In response to Le Pen's endorsement, Rykov launched a campaign on Twitter, urging his followers to flood her feed with messages of gratitude. He led by example with a tweet that simply read: "Merci, Marine!" Thousands of Russians joined in.
The exchange of favours continued throughout the year. MEP Jean-Lux Schaffhauser, who represents a party affiliated with the National Front, travelled to the rebel-held Donetsk at the end of October to express support for the elections held by the self-proclaimed Donetsk People's Republic. Clips from his press conference featured prominently on Russian TV channels which were keen to show that Europe is far from unanimous on the issue of Ukraine and that Kremlin is not completely isolated.
It was Schaffhauser who, according to the French investigative website Mediapart, has brokered a 9 million euro ($11m) loan provided to the National Front by the Russian-registered First Czech Bank - a little-known fiscal organisation once investigated by the Czech authorities on suspicion of being linked to Russian secret services.
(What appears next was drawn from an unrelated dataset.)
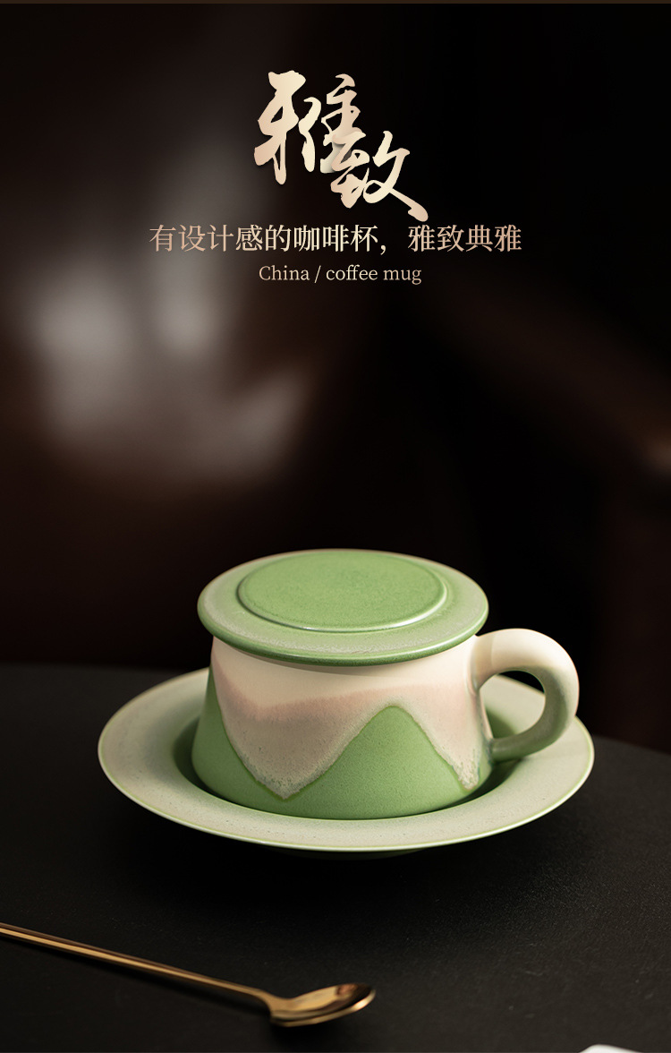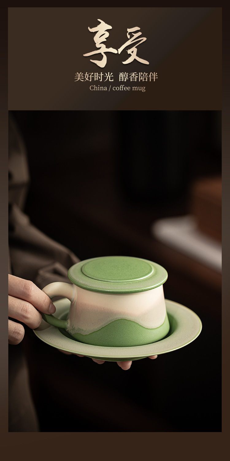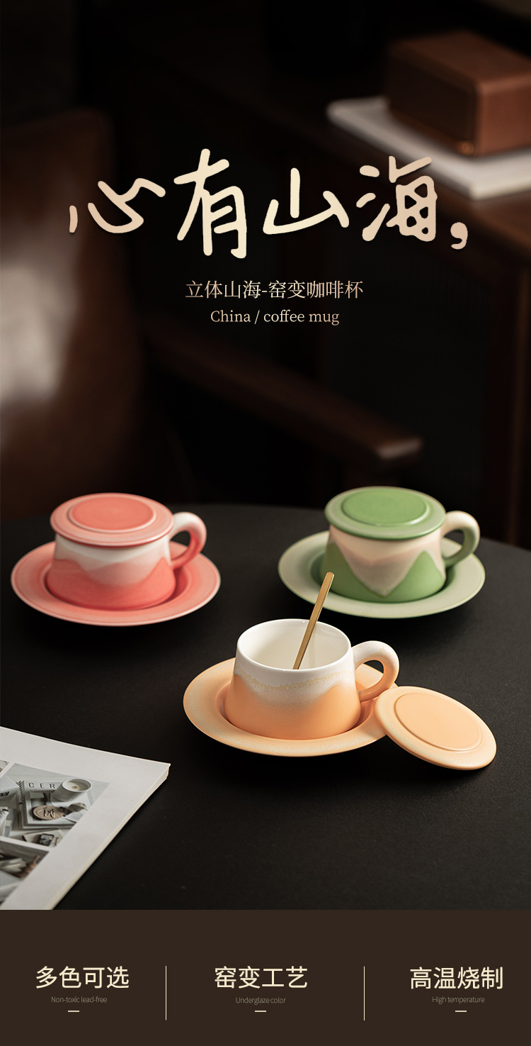 - Cốc cà phê lò nung núi và biển hình trái tim có nắp, cốc cà phê gốm sứ sử dụng tại nhà, cốc uống nước cá nhân văn phòng, quà tặng.

Six days after the loan story broke, the deputy head of the Russian State Duma Andrey Isayev appeared as a guest star at the National Front's congress. In his address, he lamented that "the sovereignty of once mighty nations, such as Germany and France, […] is being eaten away by the so-called Trans-Atlantic integration", and that "the will of European countries is being suppressed by little known EU bureaucrats, who are in fact marionettes of the US". Isayev is a leading member of Putin's United Russia party, which has, in recent years, rebranded itself as a defender of "traditional Christian values" echoing the slogans of the European far right.
It would have shocked someone living in the USSR circa 1980s had they learned that Russian officials would be cozying up to the party created by Jean Marie Le Pen (Marine's father) - who was lambasted by Soviet TV as a "neo-fascist" and a "brown plague". But Putin's spin doctors and Soviet ideologues are about as similar as a MacBook and abacus. People who shape the political agenda in Moscow these days are happy to tap into any ideology as long as it serves their political goals.